Jakarta – Pertamina Patra Niaga menjalankan berbagai program pengelolaan sampah berkelanjutan di sejumlah wilayah operasional perusahaan bertepatan dengan peringatan Hari Sampah Nasional.
Melalui Program Tanggung Jawab Sosial dan Lingkungan (TJSL), perusahaan menjalankan inisiatif pengelolaan sampah di 58 lokasi di seluruh Indonesia. Program tersebut mampu mengumpulkan sekitar 4,7 ribu ton sampah per tahun, dengan 2,3 ribu ton di antaranya telah diolah kembali melalui proses daur ulang dan pengolahan organik.
Corporate Secretary Pertamina Patra Niaga, Roberth M. V. Dumatubun, mengatakan peringatan Hari Sampah Nasional menjadi momentum untuk memperkuat kolaborasi dalam membangun sistem pengelolaan sampah yang berkelanjutan.
“Pengelolaan sampah membutuhkan komitmen jangka panjang dan keterlibatan aktif masyarakat. Melalui program TJSL, kami mendorong terciptanya ekosistem pengelolaan sampah yang terstruktur dan bernilai ekonomi,” ujarnya.
Program tersebut melibatkan 2.470 masyarakat dengan total nilai ekonomi yang dihasilkan mencapai Rp3,2 miliar.

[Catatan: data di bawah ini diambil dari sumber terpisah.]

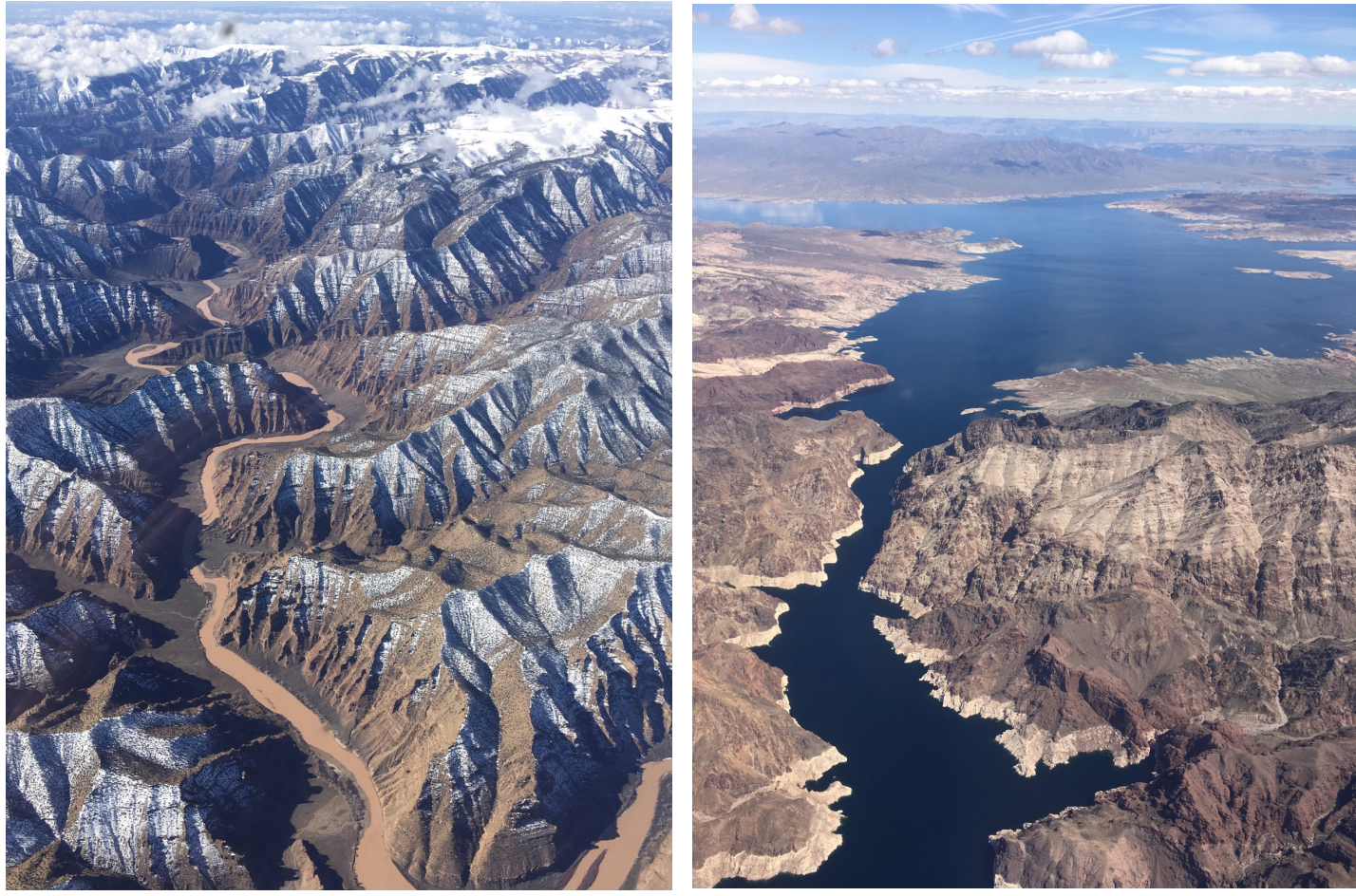
Above left: Desolation Canyon, UT Above right: Lake Mead, NV Below: Central Valley of California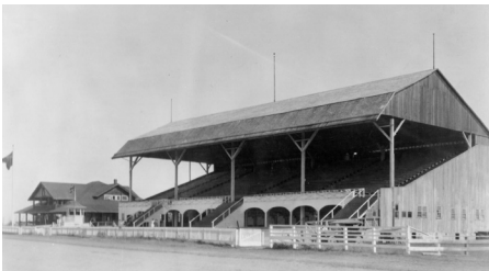
Minoru Park Racetrack, [ca. 1910].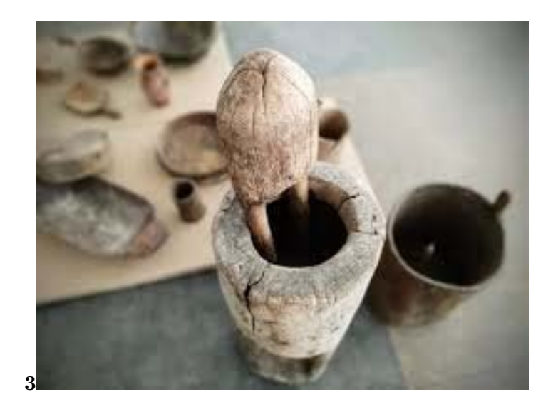
Figure 3: Figure 3: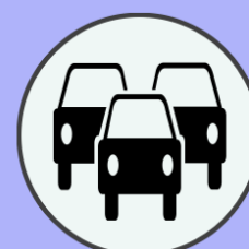
Reduced travel time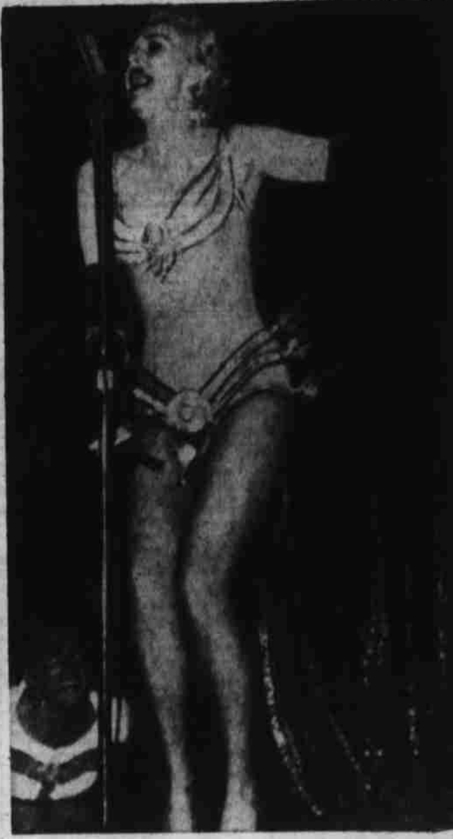
Grable Again LAS VEGAS—Actress Betty Grable, making her first nightclub appearance here, goes all out before microphone. This costume is a diamond studded net affair weighing 10 pounds, valued at $6,000. (AP Wirephoto).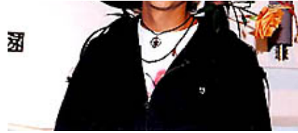
Artist and actor Yusuke Iseya at Plum Blossoms Gallery, Sept. 14, 2004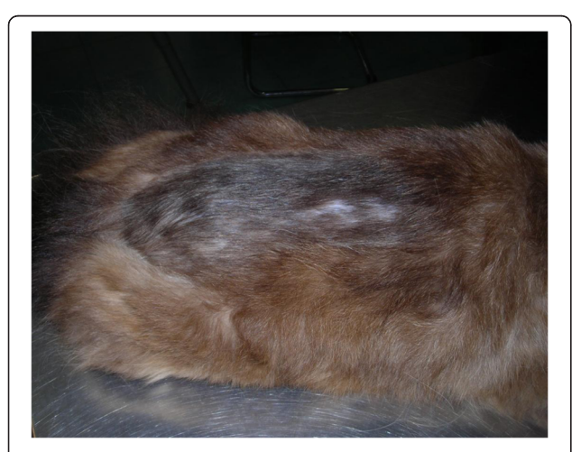
Figure 7 Localized alopecia in a cat with flea allergic dermatitis in a cat.

[2,49,50]. Additionally, the epidemiology of vector-borne parasites is associated with vector phenology and biology, movements of goods and animals, globalization, increase of wildlife in peri-urban and urban areas, and climate changes [2,3,51].

Salah satu implementasi dilakukan melalui Fuel Terminal Boyolali lewat program TPS 3R Resik di Desa Butuh. Fasilitas ini mampu mengelola hingga 480 ton sampah per tahun yang berasal dari 310 kepala keluarga dan 115 pelaku usaha, sekaligus menghasilkan nilai ekonomi sekitar Rp36 juta per tahun.

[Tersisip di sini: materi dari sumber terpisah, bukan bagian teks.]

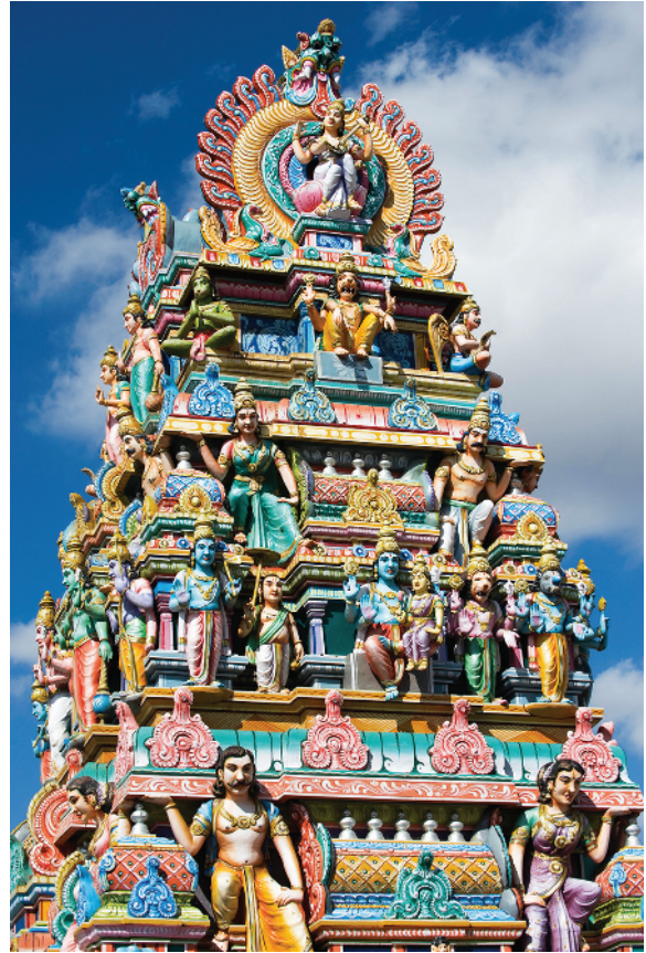
Figure 1.5 Hindu temple in Gopuram, India.

The Foreigner Consider the traditional abhorrence of the mleccha (the barbaric "foreigner"), the classical prohibition against "crossing the black waters" (that is, of leaving the subcontinent of South Asia), and,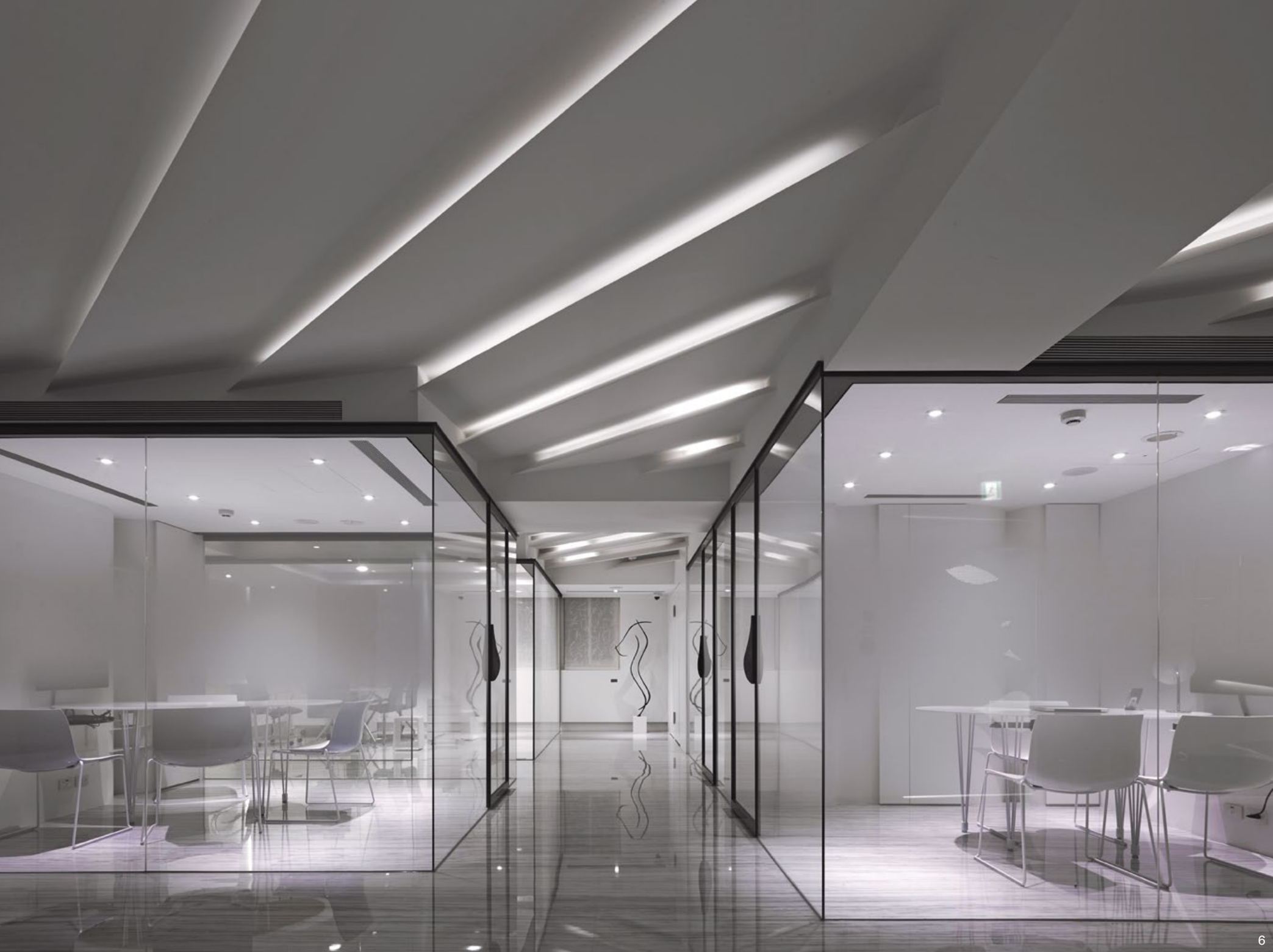
6. 立面為電漿玻璃，通電後的霧化效果能創造隱私。7.8. 放置諮詢室內外，門把手水滴狀造型學繪自乳房。9. 桌體勾勒胚胎輪廓，筆槽以鮮橘做跳色點綴；牆面書架則有乳、臀線隱喻。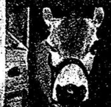
THE DRAWER BOY Oct. 30 - Nov. 2, 2002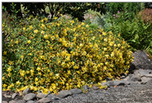
Hidcote St. John's Wort in bloom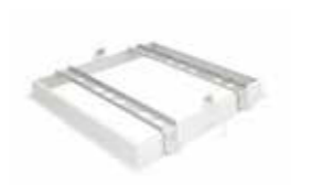
02AA17: 317mm module 02AA172M: 627mm module Housing for recessed installation.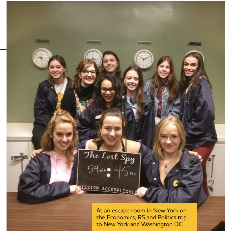
At an escape room in New York on the Economics, RS and Politics trip to New York and Washington DC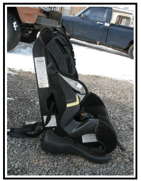
Figure 26 . Stress mark on right side of CSS (highlighted with yellow tape)

This CSS was equipped with the LATCH system but the 1986 Honda Accord was not equipped with the necessary LATCH components. There was a locking clip found on the back of the CSS, in the locking clip's original storage location.

Selain itu, Pertamina Patra Niaga membina 15 bank sampah yang mengembangkan budidaya maggot sebagai solusi pengolahan sampah organik. Program ini menghasilkan produk turunan seperti kompos, eco-enzyme, dan pakan ternak serta membuka peluang usaha bagi masyarakat.
Program pemberdayaan juga dijalankan melalui Kampung Pesisir Berdaya oleh Fuel Terminal Medan melalui Bank Sampah Horas Bah. Program tersebut mampu mengumpulkan hingga 10 ton sampah per tahun dengan dampak ekonomi sekitar Rp1,925 juta per bulan.

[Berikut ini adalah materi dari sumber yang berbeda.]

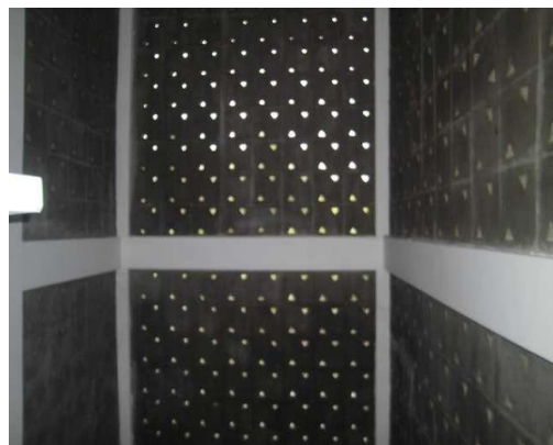
Figure 9. Perforated Wall Detailing with Roster Blocks at Puri Brata

Further enriching the spatial experience is the curated presence of artworks and sculptural elements within the gallery environment. These are not treated as decorative afterthoughts but as integral components of the spatial narrative, encouraging emotional engagement and multi-sensory interaction. Together, these design strategies cultivate an architectural setting that is immersive, context-sensitive, and evocative—offering visitors a distinct sense of place that honors both nature and culture.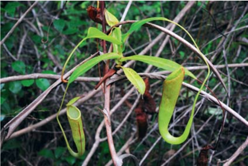
Figure 780 (above). An aerial rosette emerging from a dried climbing vine.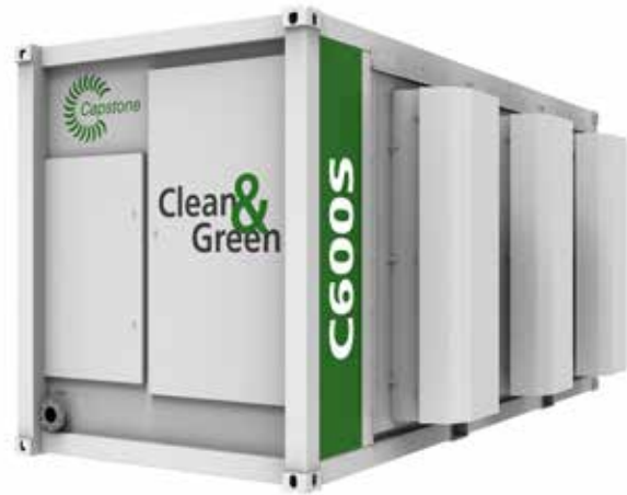
The C600S Microturbine provides up to 600kW of electric power and contains three air bearing microturbines.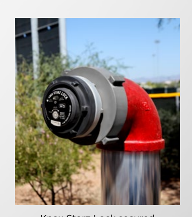
Knox Storz Lock secured onto a large FDC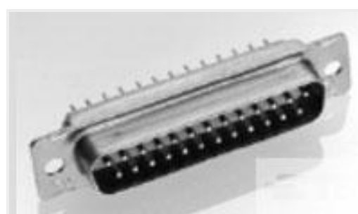
TE Part #206801-2 AMPLIMITE RECEPT ASY,25 POS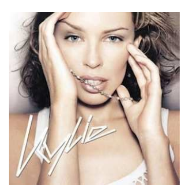
Figure 7: The UK release of Fever, the single of "Can't Get You Out of My Head," the US release of Fever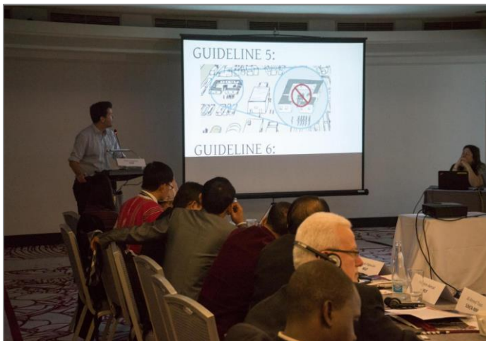
An expert from GCPEA presenting the Guidelines at Geneva Call's meeting, November 2016.

With respect to the Safe School Process, Geneva Call has been involved since 2014 in the drafting and promotion of the Guidelines for Protecting Schools and Universities from Military Use during Armed Conflict (the Guidelines). 13 Even before states were given the opportunity to endorse the Guidelines by adopting the Safe School Declaration in May 2015, Geneva Call had started their dissemination amongst ANSAs. In addition, the Guidelines were presented for the first time to 35 ANSAs at the Third Meeting of Signatories of the Deed of Commitment in November 2014. 14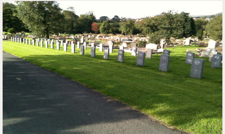
Belfast City Cemetery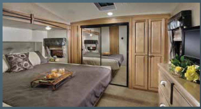
Spacious Bedroom with Residential Queen Bed Slide and Full Width Closet.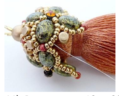
44) Repeat steps 19 to 22

Ketua Kelompok Bank Sampah Horas Bah, Dian Syahputra, mengatakan keterlibatan masyarakat menjadi kunci keberhasilan pengelolaan lingkungan secara berkelanjutan.
“Perubahan tidak datang dari satu orang, tetapi dari keberanian untuk bergerak bersama,” ujarnya.
Atas implementasi tersebut, sejumlah program pengelolaan sampah Pertamina Patra Niaga kini menjadi kandidat PROPER Emas dari Kementerian Lingkungan Hidup dan Kehutanan.